Bewertung der Situation:

  • Enttäuschung bei Bürgern und Teilen der Wirtschaft: Das Scheitern der vollständigen Stromsteuersenkung führt zu großer Enttäuschung bei privaten Haushalten, die unter den hohen Preisen leiden, und auch bei Teilen des Mittelstands und Handwerks, die ebenfalls von hohen Stromkosten betroffen sind, aber nicht unter die Definition des "produzierenden Gewerbes" fallen. Dies schadet dem Vertrauen in die Glaubwürdigkeit politischer Versprechen.

  • Priorisierung der Industrie: Die Entscheidung, nur die energieintensive Industrie und Landwirtschaft zu entlasten, zeigt eine klare Priorisierung der Wettbewerbsfähigkeit des Industriestandorts Deutschland. Diese Unternehmen sind aufgrund der hohen Energiekosten akut von Abwanderung und Produktionsverlagerung bedroht, was Arbeitsplatzverluste und einen Rückgang der Wirtschaftsleistung zur Folge hätte. Die Regierung argumentiert mit Haushaltszwängen und der Notwendigkeit, die Industrie schnell zu entlasten. Ein konkretes Konzept für einen Industriestrompreis soll nun vorgelegt werden.

  • Finanzielle Realität vs. politische Versprechen: Die Debatte verdeutlicht den Spagat, in dem sich die Regierung befindet. Einerseits gibt es den politischen Willen zur Entlastung und zur Stärkung der Wirtschaft, andererseits sind die finanziellen Spielräume durch die Schuldenbremse und andere Ausgabenposten begrenzt. Die vollen Kosten einer Stromsteuersenkung für alle wären erheblich (schätzungsweise 5,4 Milliarden Euro im Jahr 2026).

  • Gefahr für die Akzeptanz der Energiewende: Wenn die Strompreise für private Haushalte dauerhaft hoch bleiben, könnte dies die Akzeptanz für die Energiewende und die damit verbundenen Transformationsprozesse (z.B. Umstieg auf Wärmepumpen, Elektromobilität) beeinträchtigen. Die Bürger müssen spüren, dass die Energiewende für sie auch finanziell vorteilhaft sein kann.

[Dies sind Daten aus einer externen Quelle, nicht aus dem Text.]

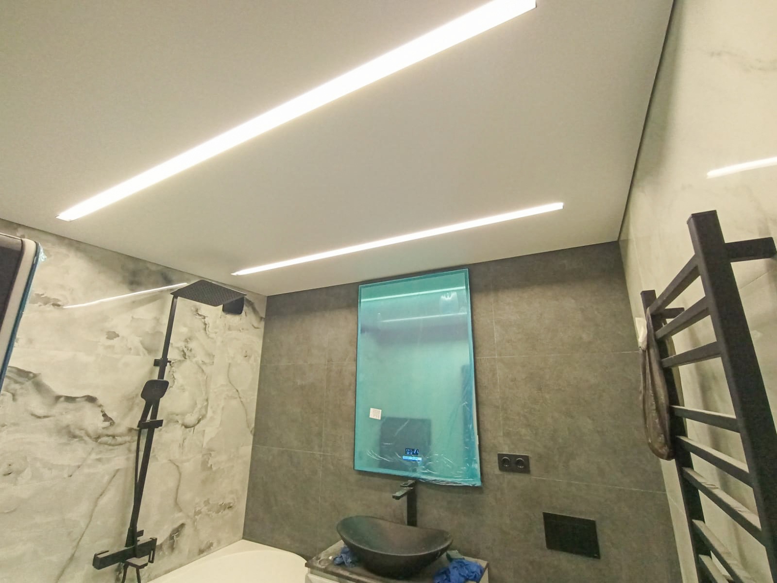 Процесс монтажа натяжного потолка в ванной комнате включает несколько этапов⁚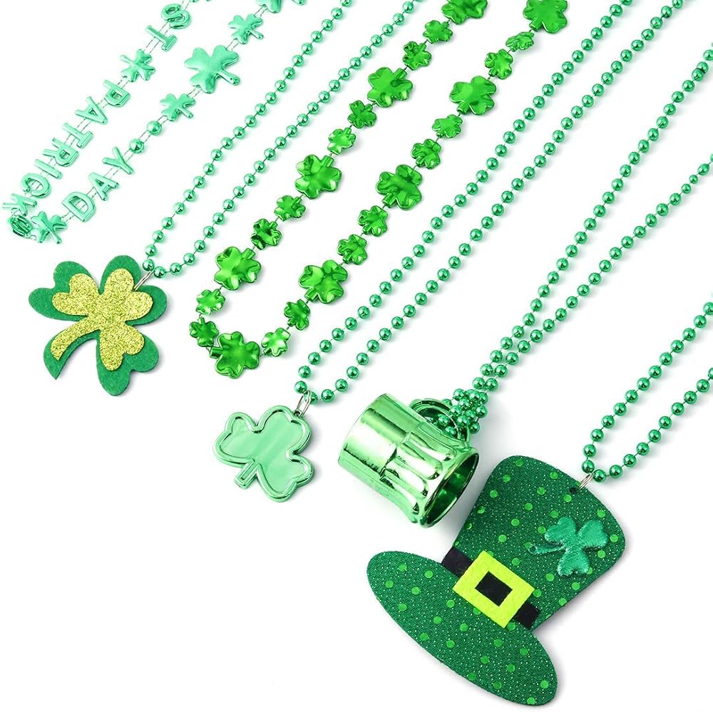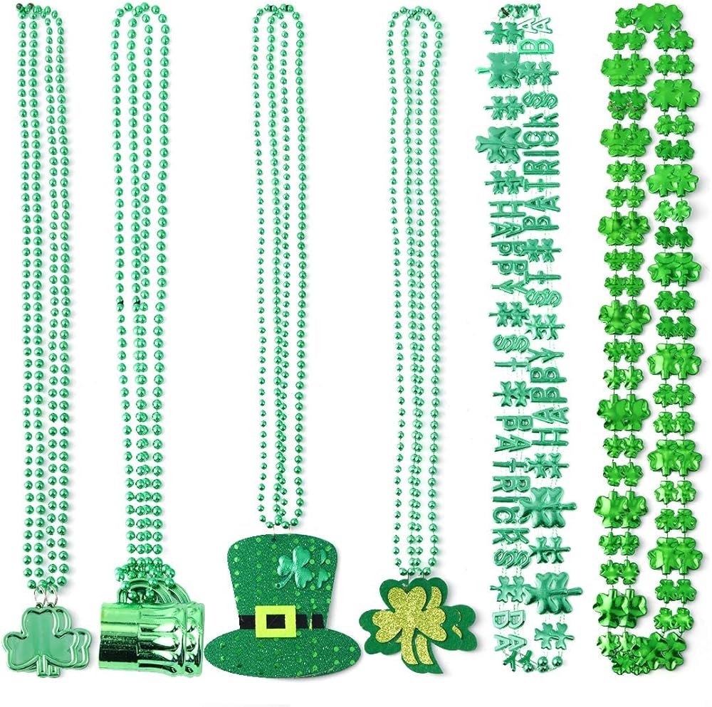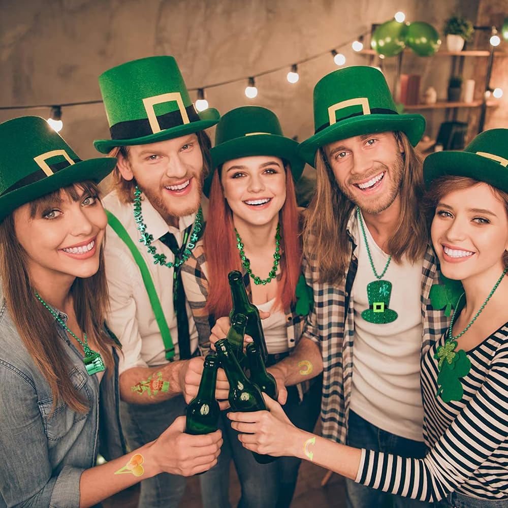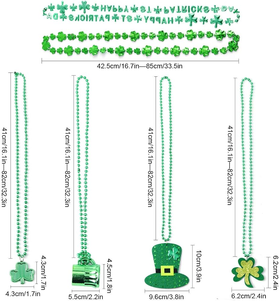 Package Includes☘️:2 pieces Tattoo sticker,Totally 12 pieces of necklace,6 Types,but all in traditional St. Patricks Day elements of shamrock and green hat,some are combined with green glitter beads and fabric clover, some are combined of green letters of happy St. Patricks Day,and etc.

  • Wettbewerbsnachteil für Deutschland: Unabhängig von der Binnenpolitik sind die hohen Strompreise ein struktureller Wettbewerbsnachteil für Deutschland im globalen Vergleich, der nicht nur die energieintensive Industrie, sondern die gesamte Wertschöpfungskette betrifft.

Die Debatte um die Stromsteuer ist mehr als nur eine fiskalpolitische Diskussion; sie ist ein Gradmesser für die Prioritäten der neuen Regierung und ihre Fähigkeit, mit den komplexen Herausforderungen der Energie- und Wirtschaftspolitik umzugehen. Während die Entlastung der Industrie notwendig erscheint, um den Standort Deutschland zu sichern, muss auch eine Perspektive für die Entlastung der privaten Haushalte und des breiten Mittelstands geschaffen werden, um soziale Ungleichgewichte zu vermeiden und die Akzeptanz der Energiewende aufrechtzuerhalten. Die Zerreißprobe ist real, da der Kompromiss zwischen Haushaltsdisziplin, Industrieerhalt und Entlastung der Bürger gefunden werden muss.